Top of Data to process

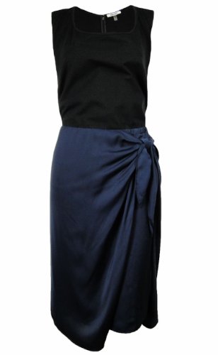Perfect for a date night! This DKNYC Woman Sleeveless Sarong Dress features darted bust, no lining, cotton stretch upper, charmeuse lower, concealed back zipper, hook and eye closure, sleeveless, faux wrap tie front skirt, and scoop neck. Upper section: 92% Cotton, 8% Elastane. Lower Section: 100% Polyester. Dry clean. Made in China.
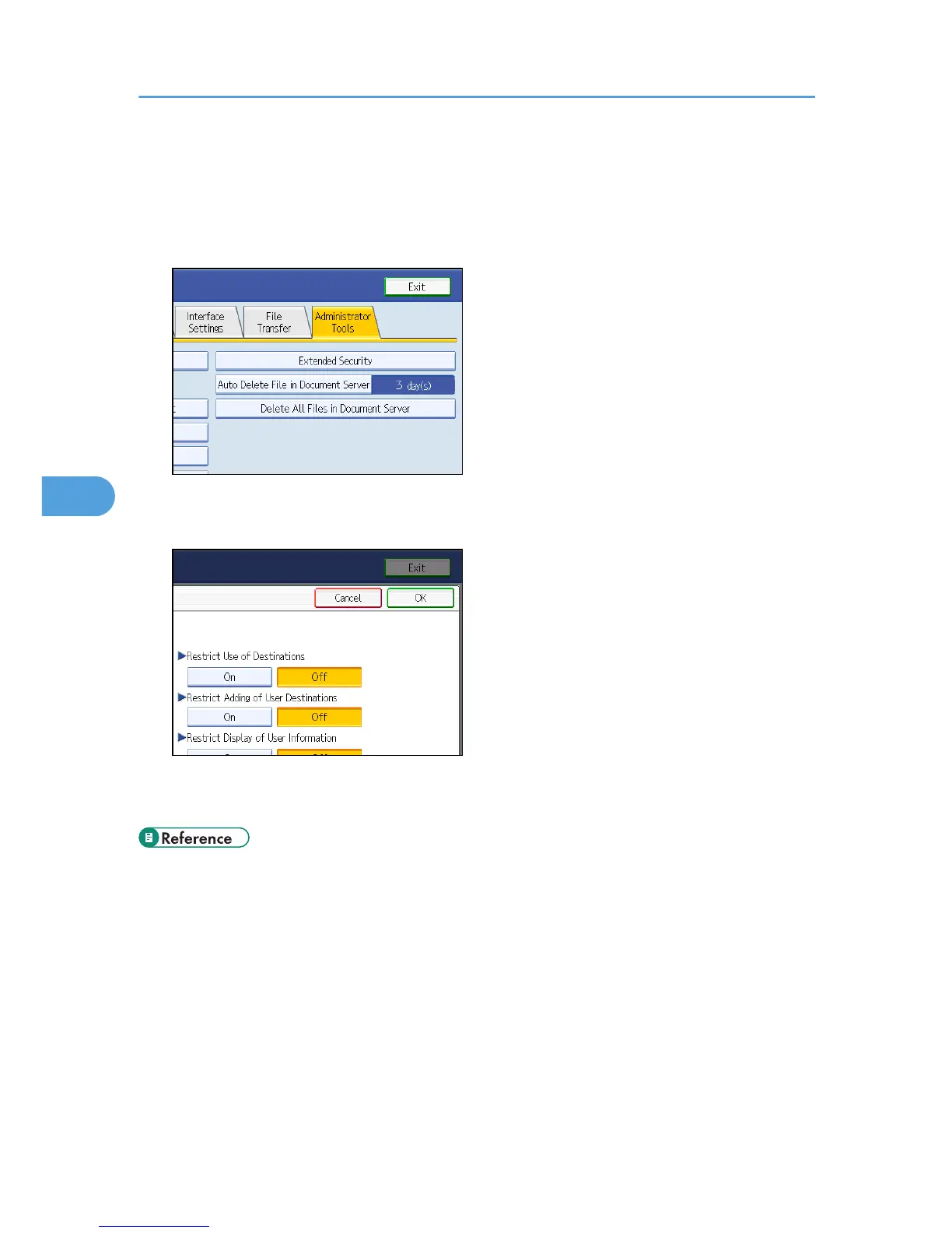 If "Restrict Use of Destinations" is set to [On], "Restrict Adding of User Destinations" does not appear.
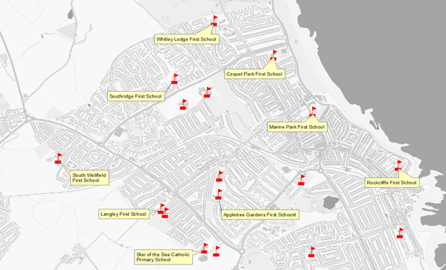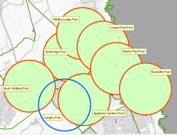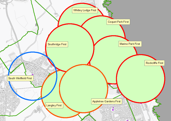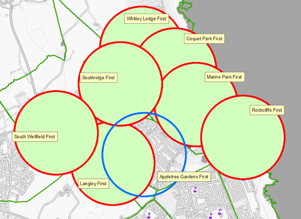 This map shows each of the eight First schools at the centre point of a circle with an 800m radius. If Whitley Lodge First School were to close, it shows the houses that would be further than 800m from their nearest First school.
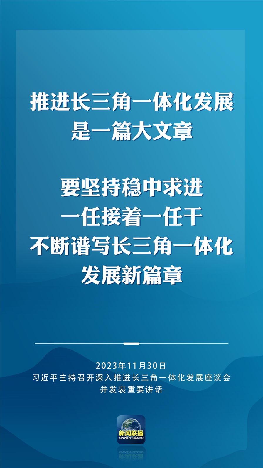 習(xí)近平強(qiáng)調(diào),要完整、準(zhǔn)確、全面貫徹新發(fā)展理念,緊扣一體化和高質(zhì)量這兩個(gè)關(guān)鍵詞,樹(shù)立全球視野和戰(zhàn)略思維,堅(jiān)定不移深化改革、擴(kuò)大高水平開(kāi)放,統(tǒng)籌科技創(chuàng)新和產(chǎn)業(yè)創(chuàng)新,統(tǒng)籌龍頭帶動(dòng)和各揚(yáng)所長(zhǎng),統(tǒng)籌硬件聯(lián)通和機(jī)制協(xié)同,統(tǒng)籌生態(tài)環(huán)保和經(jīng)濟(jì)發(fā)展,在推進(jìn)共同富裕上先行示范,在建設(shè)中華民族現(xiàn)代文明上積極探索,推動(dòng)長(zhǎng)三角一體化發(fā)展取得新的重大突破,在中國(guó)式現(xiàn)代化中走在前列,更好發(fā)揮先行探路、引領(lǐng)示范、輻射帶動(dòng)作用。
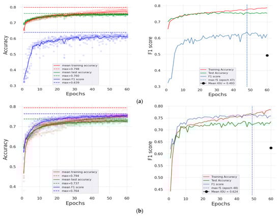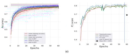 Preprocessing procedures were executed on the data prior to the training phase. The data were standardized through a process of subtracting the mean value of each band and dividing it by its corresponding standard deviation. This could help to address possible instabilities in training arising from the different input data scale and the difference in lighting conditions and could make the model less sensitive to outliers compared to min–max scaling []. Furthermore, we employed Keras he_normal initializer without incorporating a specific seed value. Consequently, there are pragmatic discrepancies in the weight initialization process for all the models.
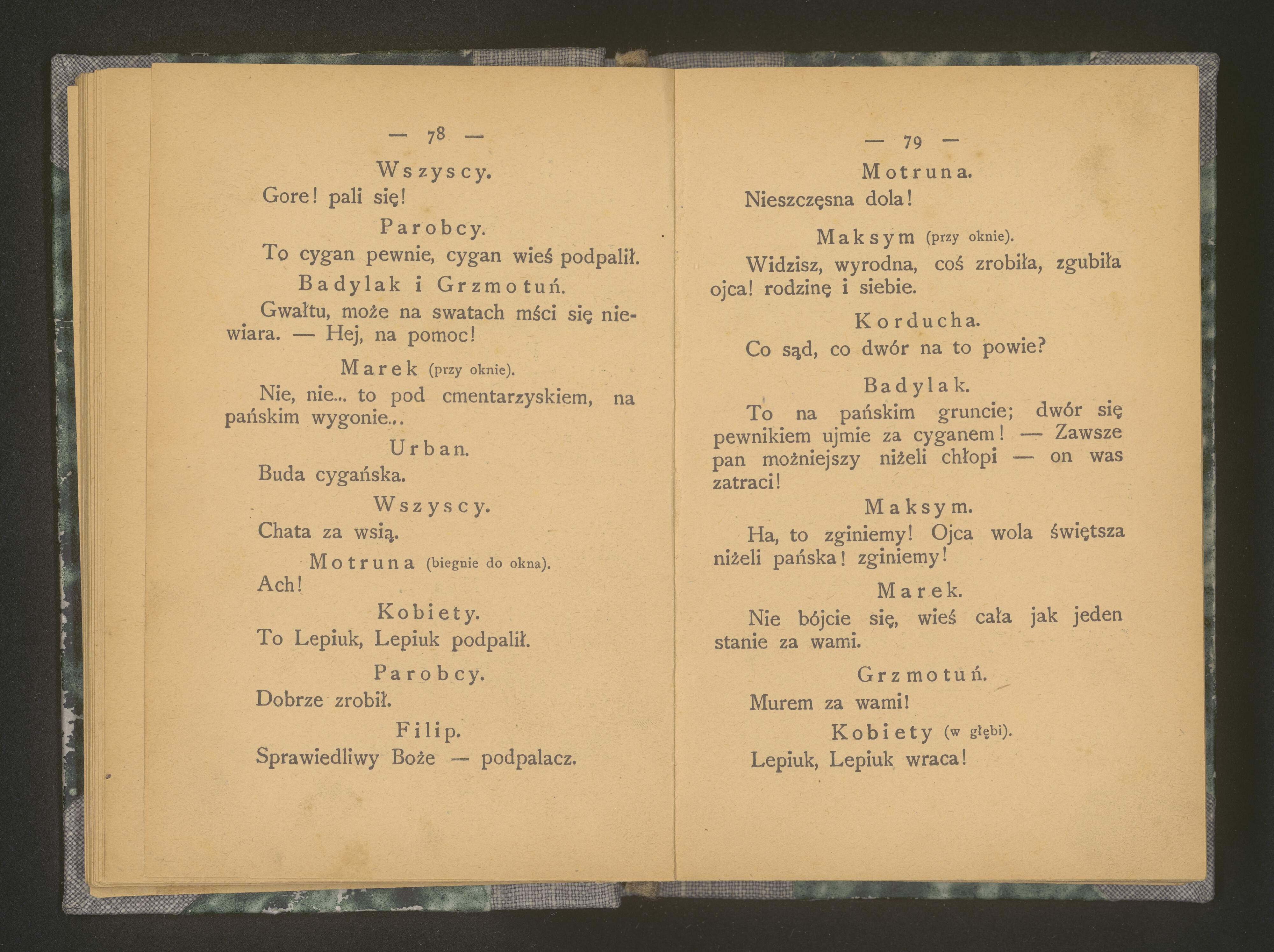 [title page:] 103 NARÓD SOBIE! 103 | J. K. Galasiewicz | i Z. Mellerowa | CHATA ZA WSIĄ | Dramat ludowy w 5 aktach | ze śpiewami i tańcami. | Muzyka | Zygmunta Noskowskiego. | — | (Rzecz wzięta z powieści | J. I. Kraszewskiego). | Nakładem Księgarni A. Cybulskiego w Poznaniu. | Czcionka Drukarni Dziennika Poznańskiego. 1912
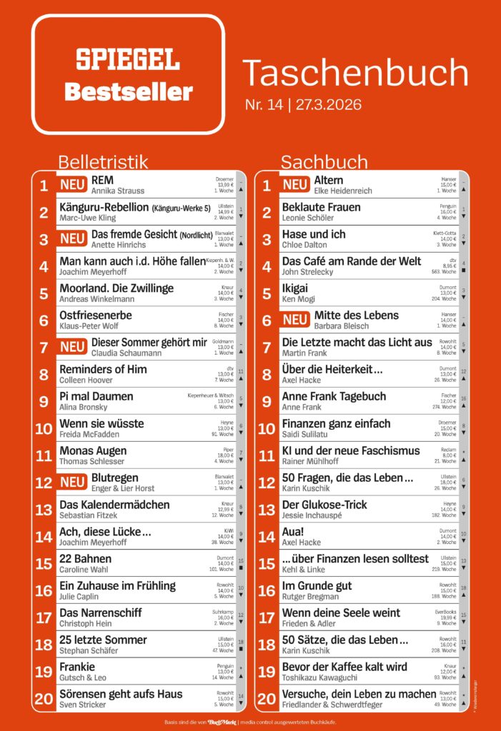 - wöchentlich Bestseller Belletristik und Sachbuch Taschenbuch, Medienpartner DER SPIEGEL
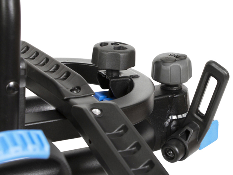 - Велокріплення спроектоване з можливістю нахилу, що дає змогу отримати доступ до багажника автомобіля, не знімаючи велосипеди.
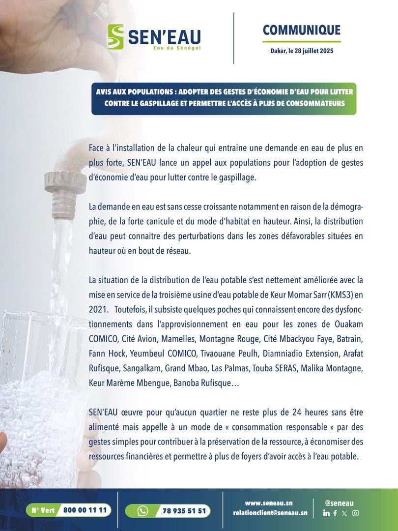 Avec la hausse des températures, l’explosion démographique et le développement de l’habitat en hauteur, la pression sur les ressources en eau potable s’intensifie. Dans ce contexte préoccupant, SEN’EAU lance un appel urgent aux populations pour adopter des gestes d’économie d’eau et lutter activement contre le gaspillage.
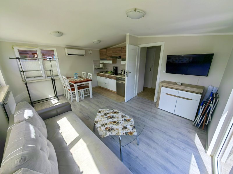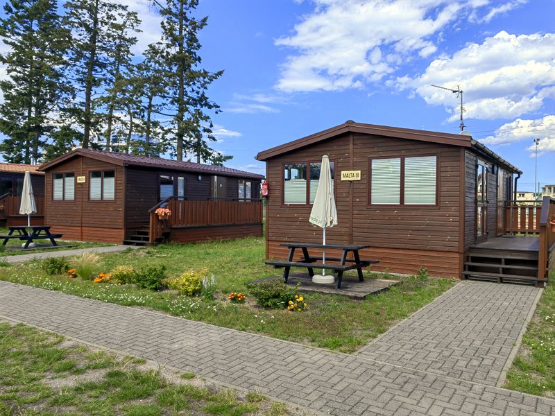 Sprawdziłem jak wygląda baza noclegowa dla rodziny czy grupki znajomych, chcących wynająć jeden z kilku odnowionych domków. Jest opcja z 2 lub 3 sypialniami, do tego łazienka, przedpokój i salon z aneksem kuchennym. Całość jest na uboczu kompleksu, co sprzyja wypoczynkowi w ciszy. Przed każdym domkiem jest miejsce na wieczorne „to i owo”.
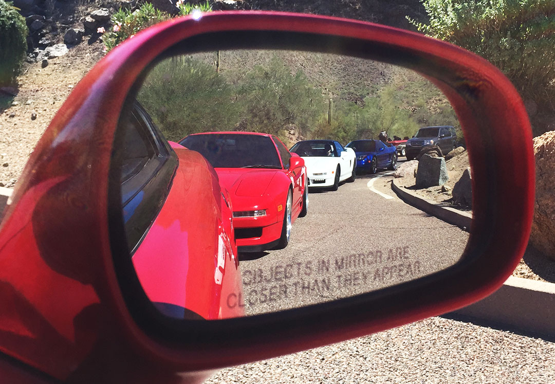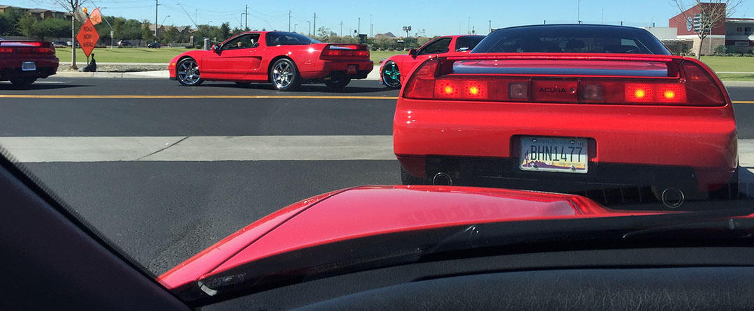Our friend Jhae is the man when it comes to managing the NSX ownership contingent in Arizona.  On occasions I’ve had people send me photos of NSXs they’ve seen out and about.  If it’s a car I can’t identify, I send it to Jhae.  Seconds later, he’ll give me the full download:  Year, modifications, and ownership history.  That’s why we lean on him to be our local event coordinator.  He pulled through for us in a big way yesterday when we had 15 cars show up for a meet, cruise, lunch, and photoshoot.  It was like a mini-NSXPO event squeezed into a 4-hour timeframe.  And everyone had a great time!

Bottom of Data to process

What is needed is a verbatim copy of the entries, leaving out any pictures.

Task result:
Perfect for a date night! This DKNYC Woman Sleeveless Sarong Dress features darted bust, no lining, cotton stretch upper, charmeuse lower, concealed back zipper, hook and eye closure, sleeveless, faux wrap tie front skirt, and scoop neck. Upper section: 92% Cotton, 8% Elastane. Lower Section: 100% Polyester. Dry clean. Made in China.
 If "Restrict Use of Destinations" is set to [On], "Restrict Adding of User Destinations" does not appear.
 This map shows each of the eight First schools at the centre point of a circle with an 800m radius. If Whitley Lodge First School were to close, it shows the houses that would be further than 800m from their nearest First school.
 習(xí)近平強(qiáng)調(diào),要完整、準(zhǔn)確、全面貫徹新發(fā)展理念,緊扣一體化和高質(zhì)量這兩個(gè)關(guān)鍵詞,樹(shù)立全球視野和戰(zhàn)略思維,堅(jiān)定不移深化改革、擴(kuò)大高水平開(kāi)放,統(tǒng)籌科技創(chuàng)新和產(chǎn)業(yè)創(chuàng)新,統(tǒng)籌龍頭帶動(dòng)和各揚(yáng)所長(zhǎng),統(tǒng)籌硬件聯(lián)通和機(jī)制協(xié)同,統(tǒng)籌生態(tài)環(huán)保和經(jīng)濟(jì)發(fā)展,在推進(jìn)共同富裕上先行示范,在建設(shè)中華民族現(xiàn)代文明上積極探索,推動(dòng)長(zhǎng)三角一體化發(fā)展取得新的重大突破,在中國(guó)式現(xiàn)代化中走在前列,更好發(fā)揮先行探路、引領(lǐng)示范、輻射帶動(dòng)作用。
 Preprocessing procedures were executed on the data prior to the training phase. The data were standardized through a process of subtracting the mean value of each band and dividing it by its corresponding standard deviation. This could help to address possible instabilities in training arising from the different input data scale and the difference in lighting conditions and could make the model less sensitive to outliers compared to min–max scaling []. Furthermore, we employed Keras he_normal initializer without incorporating a specific seed value. Consequently, there are pragmatic discrepancies in the weight initialization process for all the models.
 [title page:] 103 NARÓD SOBIE! 103 | J. K. Galasiewicz | i Z. Mellerowa | CHATA ZA WSIĄ | Dramat ludowy w 5 aktach | ze śpiewami i tańcami. | Muzyka | Zygmunta Noskowskiego. | — | (Rzecz wzięta z powieści | J. I. Kraszewskiego). | Nakładem Księgarni A. Cybulskiego w Poznaniu. | Czcionka Drukarni Dziennika Poznańskiego. 1912
 - wöchentlich Bestseller Belletristik und Sachbuch Taschenbuch, Medienpartner DER SPIEGEL
 - Велокріплення спроектоване з можливістю нахилу, що дає змогу отримати доступ до багажника автомобіля, не знімаючи велосипеди.
 Avec la hausse des températures, l’explosion démographique et le développement de l’habitat en hauteur, la pression sur les ressources en eau potable s’intensifie. Dans ce contexte préoccupant, SEN’EAU lance un appel urgent aux populations pour adopter des gestes d’économie d’eau et lutter activement contre le gaspillage.
 Sprawdziłem jak wygląda baza noclegowa dla rodziny czy grupki znajomych, chcących wynająć jeden z kilku odnowionych domków. Jest opcja z 2 lub 3 sypialniami, do tego łazienka, przedpokój i salon z aneksem kuchennym. Całość jest na uboczu kompleksu, co sprzyja wypoczynkowi w ciszy. Przed każdym domkiem jest miejsce na wieczorne „to i owo”.
Our friend Jhae is the man when it comes to managing the NSX ownership contingent in Arizona.  On occasions I’ve had people send me photos of NSXs they’ve seen out and about.  If it’s a car I can’t identify, I send it to Jhae.  Seconds later, he’ll give me the full download:  Year, modifications, and ownership history.  That’s why we lean on him to be our local event coordinator.  He pulled through for us in a big way yesterday when we had 15 cars show up for a meet, cruise, lunch, and photoshoot.  It was like a mini-NSXPO event squeezed into a 4-hour timeframe.  And everyone had a great time!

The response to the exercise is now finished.